PROVIDED MATERIAL:
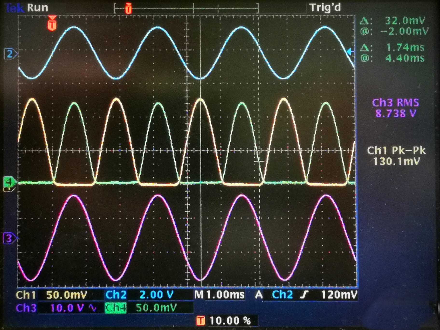 Point de fonctionnement optimal (push pull)Le point de fonctionnement le plus efficace du PL508 est une classe AB avec un courant de repos d'environ 10mA (tension de polarisation de -28V), haute tension de 300V, tension de grille écran de 200V. Ne descendez pas en dessous de 5mA, le son devient bouché.L'ampli push pull permet une puissance maximale de 20 à 40W. C'est un tube qui a une très longue durée de vie, les tubes de déflection des téléviseurs couleurs étaient produits pour tenir le coup très longtemps sans modifications des caractéristiques (ce qui dans le cas des téléviseurs couleurs aurait causé un dérèglement des couleurs à l'écran). Ce tube se situe entre le PCL805 qui peut fournir une puissance de 10W (push pull classe AB) et le PL504 qui peut fournir 50W. Ce tube tout mignon a comme avantage qu'il n'a pas de téton d'anode. Il n'y a donc aucun risque de toucher la haute tension. Les paramètres de fonctionnement (image d'oscilloscope): haute tension: 276V repos, 269V signal maximum, g2: 195V repos, 192V signal maximum, g1: -27V (ajustable pour avoir le taux de distorsion le plus bas possible) Courant cathode: 8mA repos, 130mA en pointe. Courant de g2: 1mA au repos, 4.4mA maximum. Tension de commande sur g1: 50Vpp. Vous voyez successivement le signal à l'entrée, les deux courants cathodiques (mesurés par une résistance de 1Ω) et la tension de sortie (résistance de 7.5Ω). En modifiant la tension de polarisation négative, on peut égaliser le courant de repos des deux tétrodes, mais pas le courant en pointe, qui dépend de l'état des lampes (lampes de récupération). Les lampes neuwes ont des caractéristiques semblables.
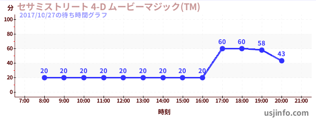 • セサミストリート 4-D ムービーマジック(TM)$B$N(B2017年10月27日の待ち時間
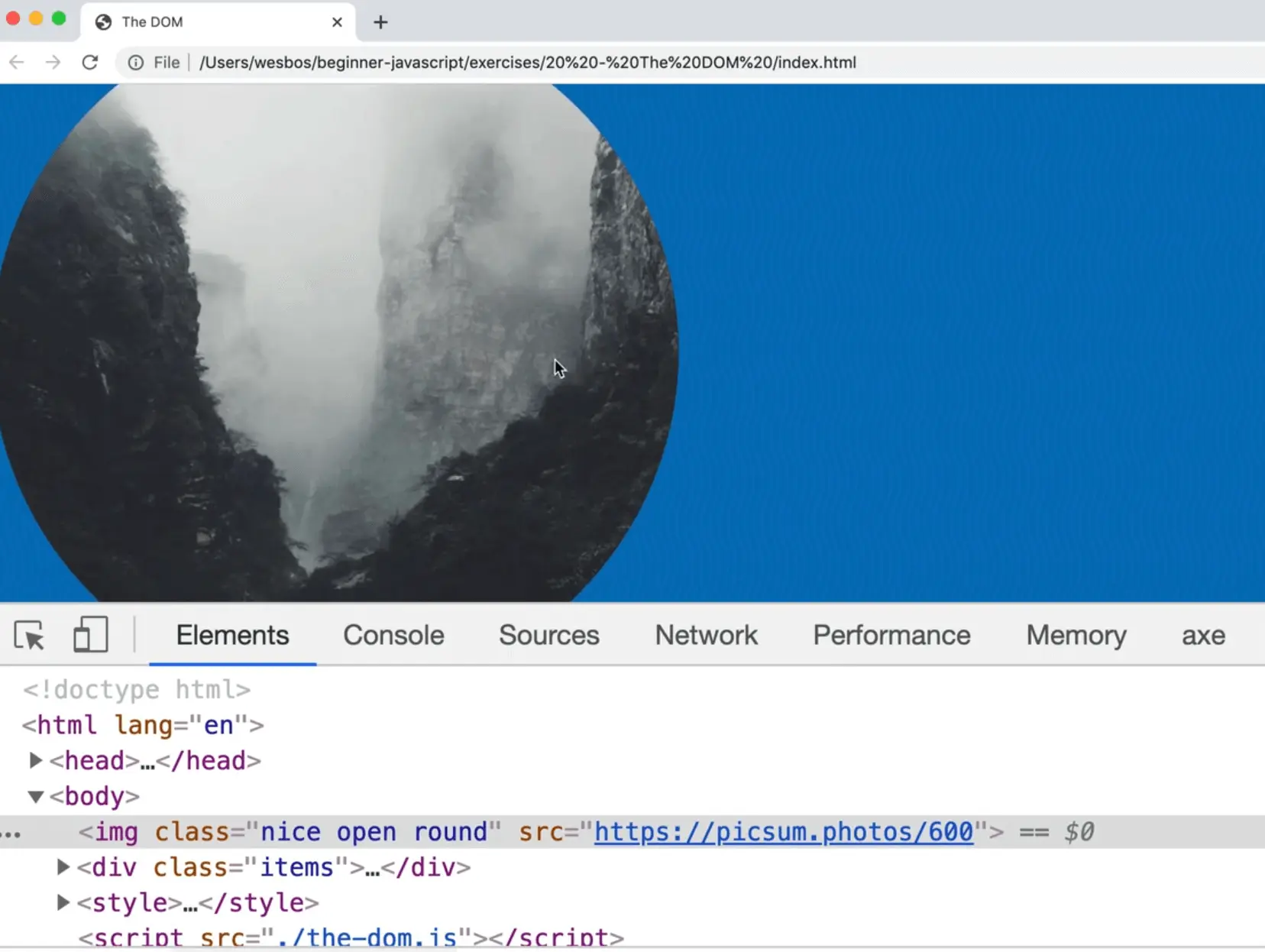 Let's demonstrate how to do that, starting by commenting out all the code within the-dom.js.
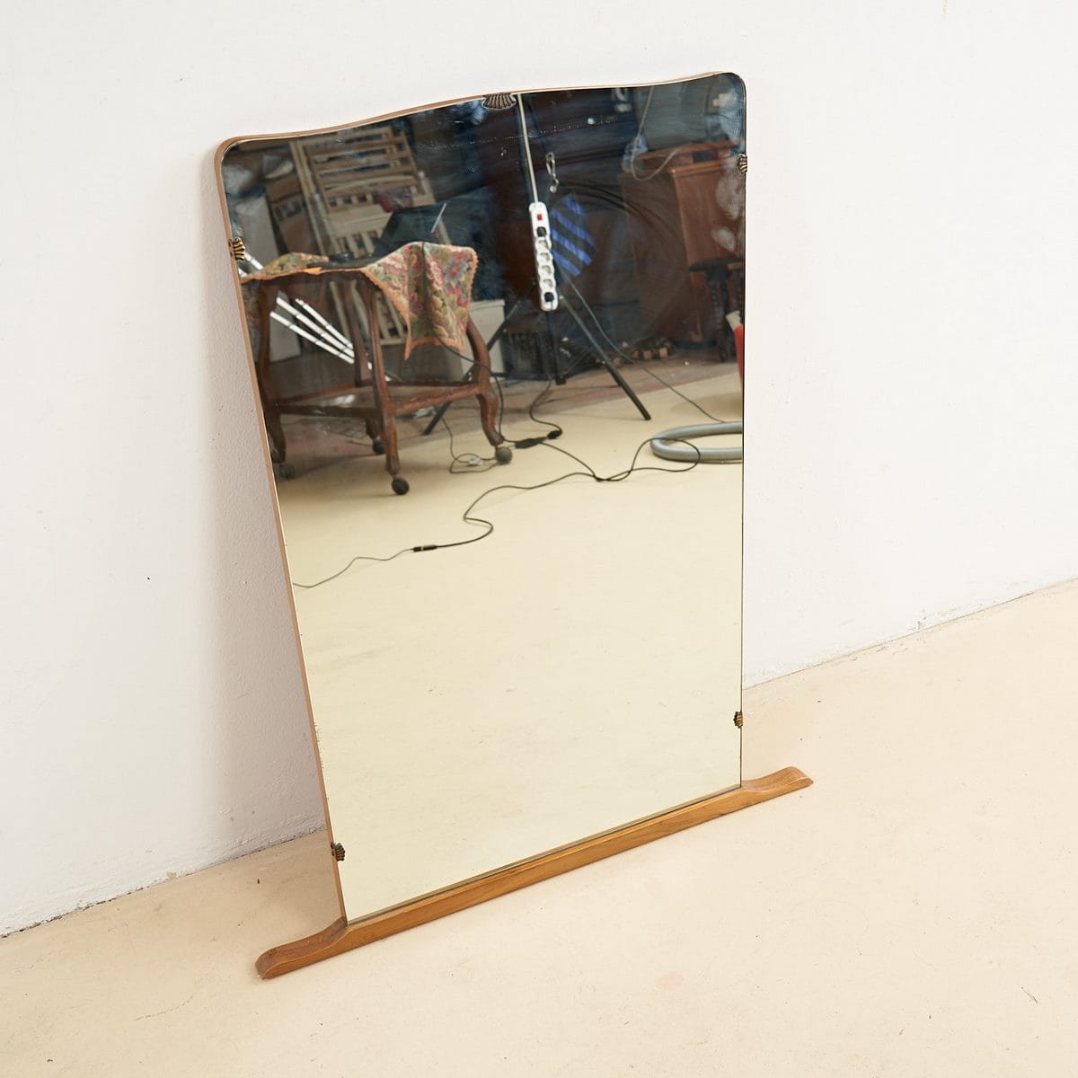 Questo elegante specchio vintage rappresenta un pezzo unico di design del XX secolo. Caratterizzato da una forma sinuosa e da una finitura lucida, il vetro e' sostenuto da una raffinata base in legno ... Questo elegante specchio vintage rappresenta un pezzo unico di design del XX secolo. Caratterizzato da una forma sinuosa e da una finitura lucida, il vetro e' sostenuto da una raffinata base in legno chiaro, che ne esalta l'aspetto sofisticato. I dettagli costruttivi includono una cornice in legno con elementi decorativi in metallo, rendendolo non solo funzionale ma anche un'opera d'arte da esposizione. Presenta segni di usura, testimoniando la sua autenticita' come oggetto d'epoca, ma e' in ottime condizioni generali. Questo specchio versatile e' perfetto per qualsiasi spazio interno, dal soggiorno alla camera da letto, donando un tocco di classe e stile retro' all'ambiente. Altro
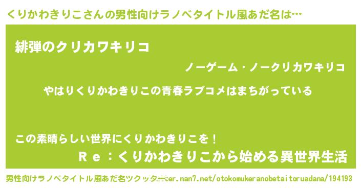 | ファンタジー風あだ名 | 『エターナルクリカワキリコー』 |
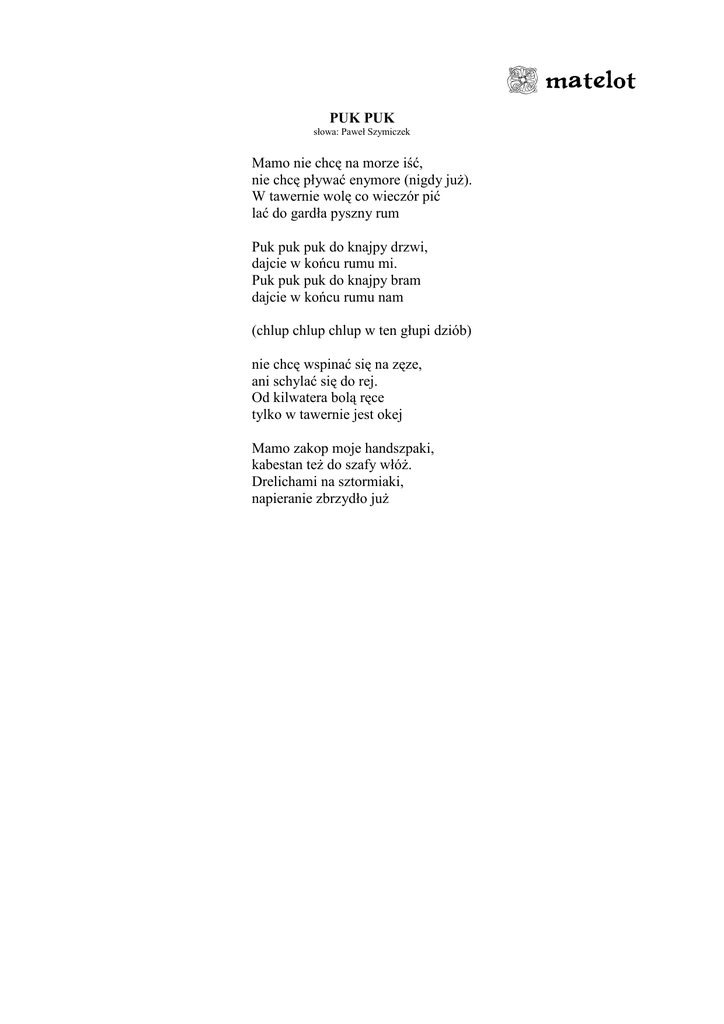 + matelot PUK PUK słowa: Paweł Szymiczek Mamo nie chcę na morze iść, nie chcę pływać enymore (nigdy już). W tawernie wolę co wieczór pić lać do gardła pyszny rum Puk puk puk do knajpy drzwi, dajcie w końcu rumu mi. Puk puk puk do knajpy bram dajcie w końcu rumu nam (chlup chlup chlup w ten głupi dziób) nie chcę wspinać się na zęze, ani schylać się do rej. Od kilwatera bolą ręce tylko w tawernie jest okej Mamo zakop moje handszpaki, kabestan też do szafy włóż. Drelichami na sztormiaki, napieranie zbrzydło już

BRIEF: Please reproduce the material above word for word, without its images.

ANSWER SECTION:
 Point de fonctionnement optimal (push pull)Le point de fonctionnement le plus efficace du PL508 est une classe AB avec un courant de repos d'environ 10mA (tension de polarisation de -28V), haute tension de 300V, tension de grille écran de 200V. Ne descendez pas en dessous de 5mA, le son devient bouché.L'ampli push pull permet une puissance maximale de 20 à 40W. C'est un tube qui a une très longue durée de vie, les tubes de déflection des téléviseurs couleurs étaient produits pour tenir le coup très longtemps sans modifications des caractéristiques (ce qui dans le cas des téléviseurs couleurs aurait causé un dérèglement des couleurs à l'écran). Ce tube se situe entre le PCL805 qui peut fournir une puissance de 10W (push pull classe AB) et le PL504 qui peut fournir 50W. Ce tube tout mignon a comme avantage qu'il n'a pas de téton d'anode. Il n'y a donc aucun risque de toucher la haute tension. Les paramètres de fonctionnement (image d'oscilloscope): haute tension: 276V repos, 269V signal maximum, g2: 195V repos, 192V signal maximum, g1: -27V (ajustable pour avoir le taux de distorsion le plus bas possible) Courant cathode: 8mA repos, 130mA en pointe. Courant de g2: 1mA au repos, 4.4mA maximum. Tension de commande sur g1: 50Vpp. Vous voyez successivement le signal à l'entrée, les deux courants cathodiques (mesurés par une résistance de 1Ω) et la tension de sortie (résistance de 7.5Ω). En modifiant la tension de polarisation négative, on peut égaliser le courant de repos des deux tétrodes, mais pas le courant en pointe, qui dépend de l'état des lampes (lampes de récupération). Les lampes neuwes ont des caractéristiques semblables.
 • セサミストリート 4-D ムービーマジック(TM)$B$N(B2017年10月27日の待ち時間
 Let's demonstrate how to do that, starting by commenting out all the code within the-dom.js.
 Questo elegante specchio vintage rappresenta un pezzo unico di design del XX secolo. Caratterizzato da una forma sinuosa e da una finitura lucida, il vetro e' sostenuto da una raffinata base in legno ... Questo elegante specchio vintage rappresenta un pezzo unico di design del XX secolo. Caratterizzato da una forma sinuosa e da una finitura lucida, il vetro e' sostenuto da una raffinata base in legno chiaro, che ne esalta l'aspetto sofisticato. I dettagli costruttivi includono una cornice in legno con elementi decorativi in metallo, rendendolo non solo funzionale ma anche un'opera d'arte da esposizione. Presenta segni di usura, testimoniando la sua autenticita' come oggetto d'epoca, ma e' in ottime condizioni generali. Questo specchio versatile e' perfetto per qualsiasi spazio interno, dal soggiorno alla camera da letto, donando un tocco di classe e stile retro' all'ambiente. Altro
 | ファンタジー風あだ名 | 『エターナルクリカワキリコー』 |
 + matelot PUK PUK słowa: Paweł Szymiczek Mamo nie chcę na morze iść, nie chcę pływać enymore (nigdy już). W tawernie wolę co wieczór pić lać do gardła pyszny rum Puk puk puk do knajpy drzwi, dajcie w końcu rumu mi. Puk puk puk do knajpy bram dajcie w końcu rumu nam (chlup chlup chlup w ten głupi dziób) nie chcę wspinać się na zęze, ani schylać się do rej. Od kilwatera bolą ręce tylko w tawernie jest okej Mamo zakop moje handszpaki, kabestan też do szafy włóż. Drelichami na sztormiaki, napieranie zbrzydło już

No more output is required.